We’re not doing enough prescribed fire in the western United States to mitigate wildfire risk

Authored by C.A. Kolden; Published 2019

Prescribed fire is one of the most widely advocated management practices for reducing wildfire hazard and has a long and rich tradition rooted in indigenous and local ecological knowledge. The scientific literature has repeatedly reported that prescribed fire is often the most effective means of achieving such goals by reducing fuels and wildfire hazard and restoring ecological function to fire-adapted ecosystems in the United States (US) following a century of fire exclusion. This has translated into calls from scientists and policy experts for more prescribed fire, particularly in the Western US, where fire activity has escalated in recent decades. The annual extent of prescribed burning in the Western US remained stable or decreased from 1998 to 2018, while 70% of all prescribed fire was completed primarily by non-federal entities in the Southeastern US. The Bureau of Indian Affairs (BIA) was the only federal agency to substantially increase prescribed fire use, potentially associated with increased tribal self-governance.
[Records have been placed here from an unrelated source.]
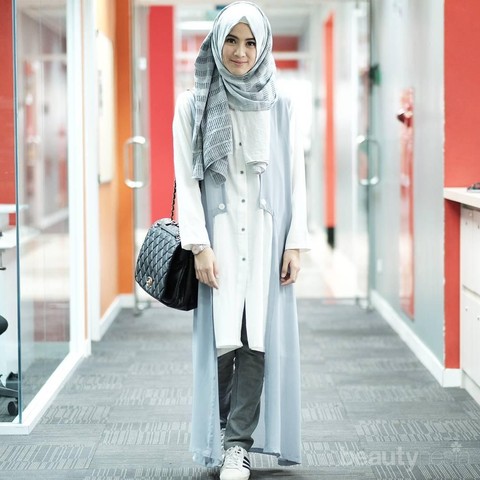 Foto: https://style.tribunnews.com/Tampil simpel dengan perpaduan tunik dan long vest dengan basic pants. Nuansa abu-abu putih membuat Alyssa terlihat elegan dan simpel.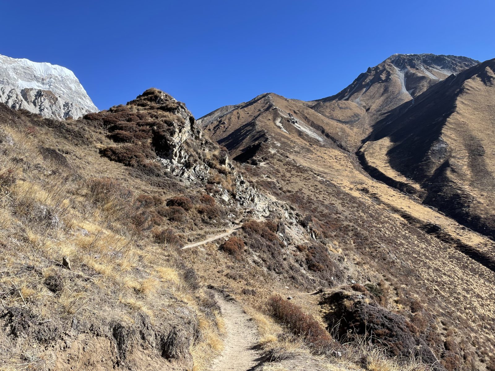 Brzo se dostaneme na krásnou cestu, která je zařezaná ve svahu. Teď už to bude pohoda – tato cesta nás zavede až k začátku stoupání na Tserko Ri, kde jsme byli ráno. Je to krásná vyhlídková cesta! Udělali jsme dobře!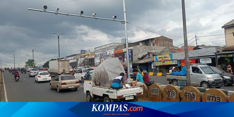 Polisi memasang kamera ETLE untuk tilang elektronik di Flyover Cibinong, Kabupaten Bogor.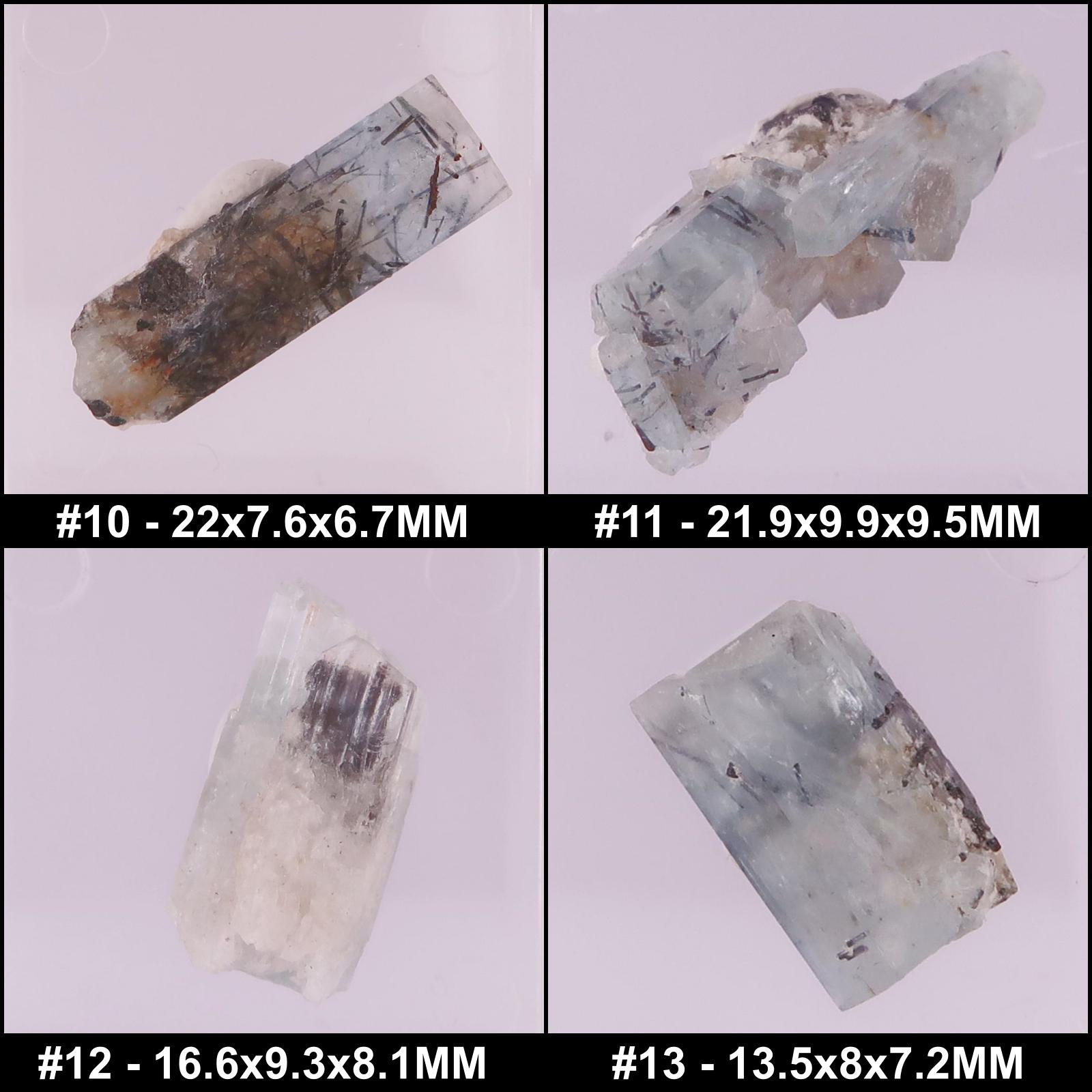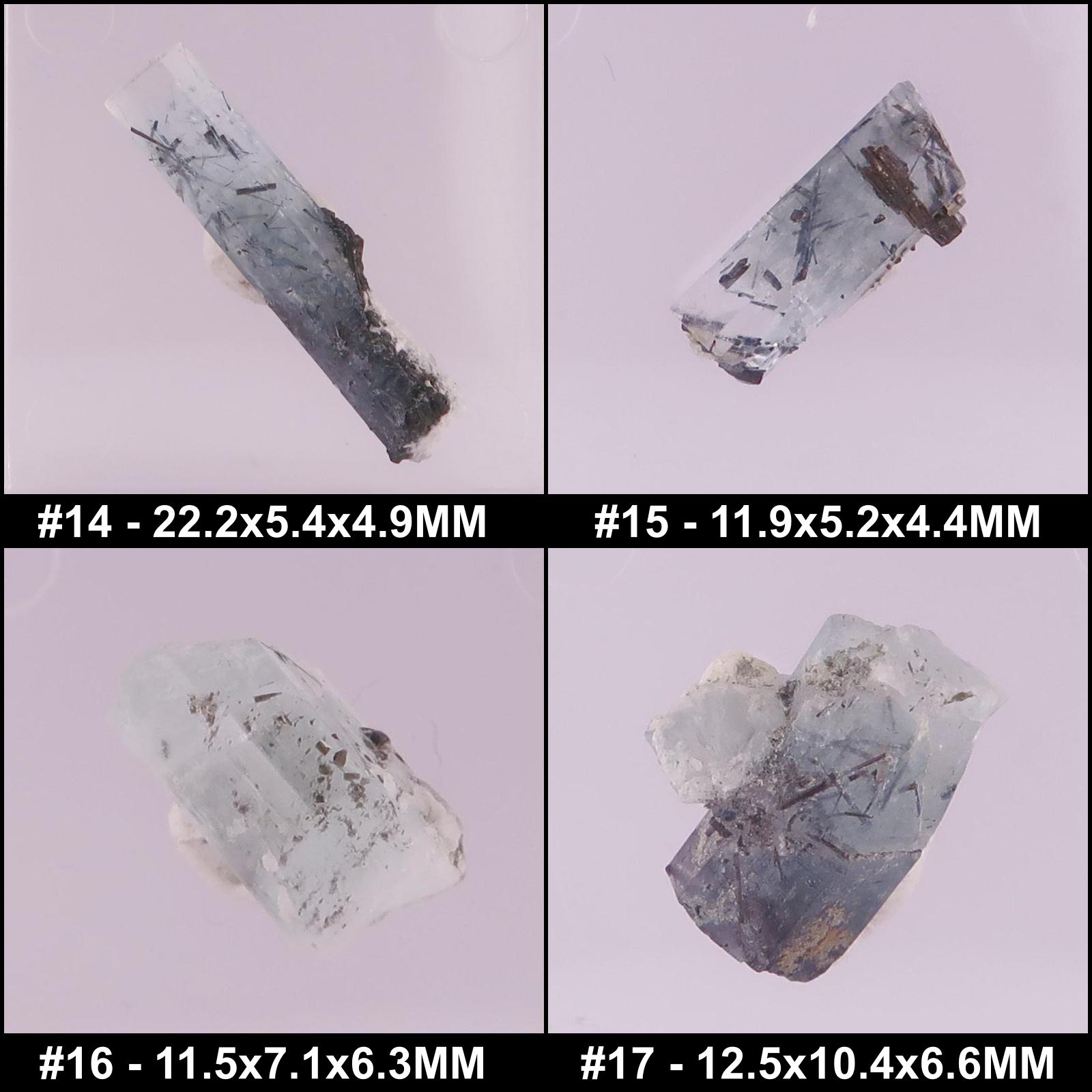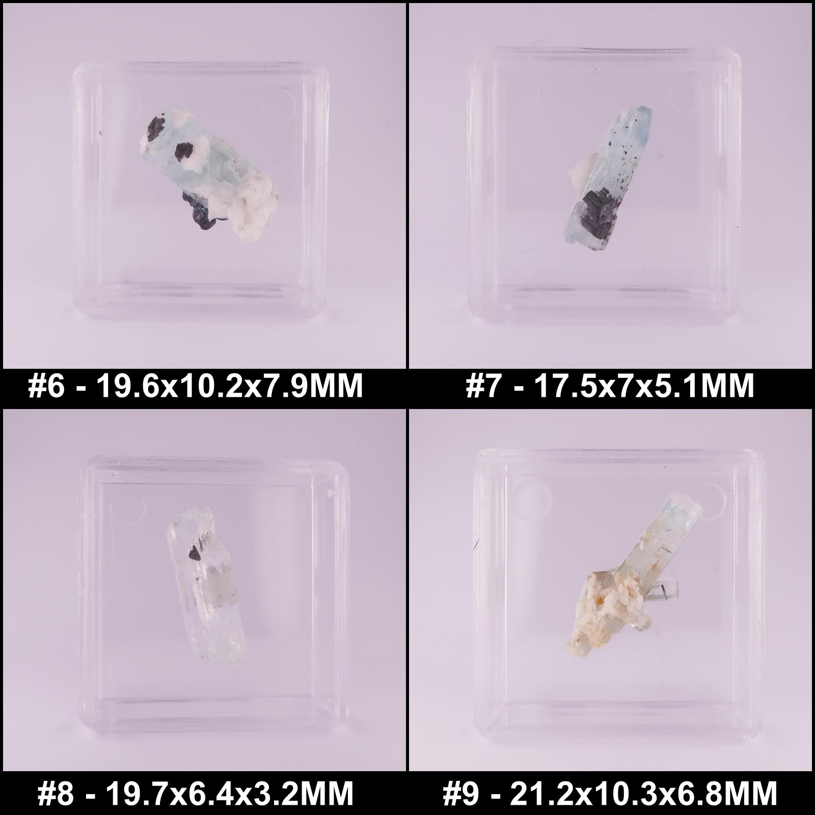 Specimens of Aquamarine with Tourmaline from around the world.

This suggests that the best available science is not being adopted into management practices, thereby further compounding the fire deficit in the Western US and the potential for more wildfire disasters.

Wildland urban interface wildfire mitigation desk reference guide, PMS 051

Authored by ; Published 2019

The WUI Wildfire Mitigation Desk Reference Guide provides basic background information on relevant programs and terminology for individuals seeking to enhance their community's wildfire mitigation efforts.

Mitigation happens at all levels - local, state, tribal, and federal.  Use this guide to aid in a combined approach to help achieve fire adapted communities.